Si las válvulas han sido crioconservadas, las
mismas son descongeladas y lavadas tal y como se ha indicado
anteriormente; si las válvulas son frescas, las mismas son lavadas
una vez en 80 ml de LRD5, durante un período de 15 minutos, en una
copa de muestra estéril de 7 oz.
Una vez lavada la válvula, la misma es
transferida a una copa de muestra estéril de 7 oz que contiene
aproximadamente 80 ml de H_{2}O estéril y es colocada en una
incubadora a 37ºC, 5% de CO_{2}, durante un período de 4
horas.
La válvula es retirada a una copa de muestra
estéril de 7 oz que contiene aproximadamente 80 ml de solución de
nucleasa y devuelta a la incubadora durante el transcurso de una
noche.
Dia
2
La válvula es retirada a una copa de muestra
estéril de 7 oz que contiene aproximadamente 80 ml de solución
(ALT+) (conteniendo netilmicina, 54\mug/ml; lincomicina, 131
\mug/ml; cefotaxima, 145 \mug/ml; vancomicina, 109 \mug/ml;
rifampina, 65 \mug/ml; fluconazol, 100 \mug/ml; y amfotericina
B, 84 \mug/ml.
Dia
3-16
El medio es cambiado a días alternos durante un
período de dos semanas, utilizando solución ALT+ durante la primera
semana y DMEM durante la segunda.
Los siguientes procedimientos son procedimientos
de cultivo abiertos. Así pues, las tapas de la copa de muestra son
soltadas cuando se coloca en la incubadora.
Ejemplo
II
Válvulas de corazón porcino. Se obtuvieron
válvulas de corazón porcino procedentes de cerdos de mercado
(>120 kg). Una vez enjuagados en solución salina estéril
tamponada con fosfato, los corazones fueron diseccionados sobre el
terreno (se extrajeron las puntas) y enviados a 4ºC en PBS estéril.

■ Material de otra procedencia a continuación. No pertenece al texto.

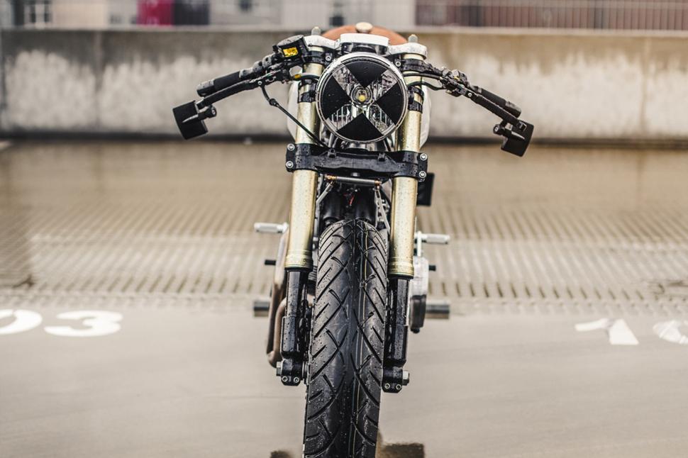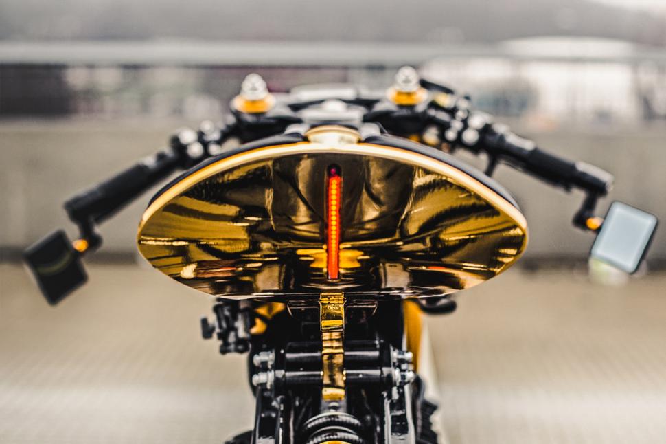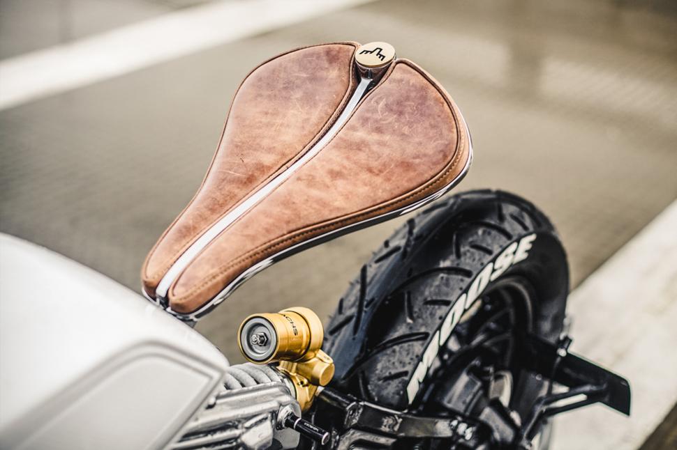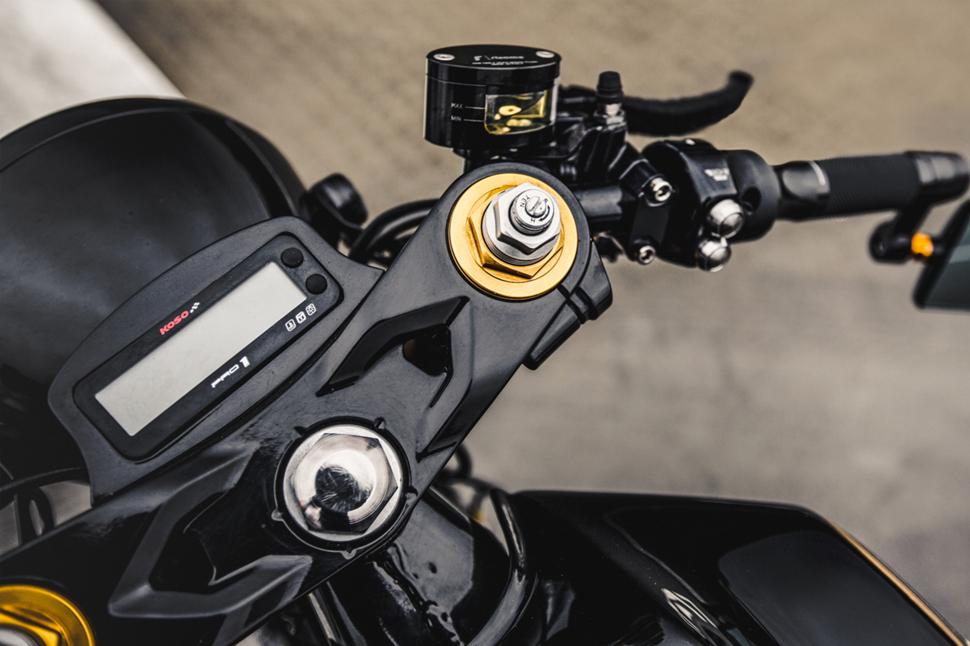 Верхнюю траверсу модифицировали таким образом, чтобы в нее можно было встроить приборную панель Koso Pro в специальном корпусе. Зажигание перенесли в стандартный проем рамы. Что касается задней подвески, то Том решил, что лучшим вариантом станут амортизаторы Sachs от мотоцикла MV Agusta. Их разобрали и покрасили пружины в цвета, сочетающиеся с топливными баками.

La totalidad de los corazones llegaron dentro de las 24 horas
siguientes al sacrificio del animal. Las válvulas aórticas y
pulmonares fueron diseccionadas como raíces. Estos tejidos fueron
sometidos a un paso de reducción de biocarga de incubación en una
mezcla de antibióticos y antimicóticos, durante un período de 48
horas a 48ºC. Los tejidos desinfectados fueron o bien
crioconservados (10% de DMSO (v/v) y 10% (v/v) de suero bovino
fetal, -1ºC/min) o fueron descelularizados a través de un
procedimiento que conlleva el tratamiento con medio hipotónico,
seguido de digestión con una mezcla de desoxirribonucleasa I y
ribonucleasa A. Transcurridos 12 días, las válvulas descelularizadas
fueron o bien crioconservadas tal y como se ha indicado con
anterioridad o fijadas químicamente en 0,35% de glutaraldehido
(peso/volumen), a 2 mmHg, en solución salina tamponada con fosfato
(pH 7,4), durante un período total de 7 días; la fijación a baja
presión asegura el mantenimiento del ondulado natural de la matriz
de colágeno. Los tejidos fijados no fueron crioconservados pero
fueron almacenados en una solución de glutaraldehido al 0,35%.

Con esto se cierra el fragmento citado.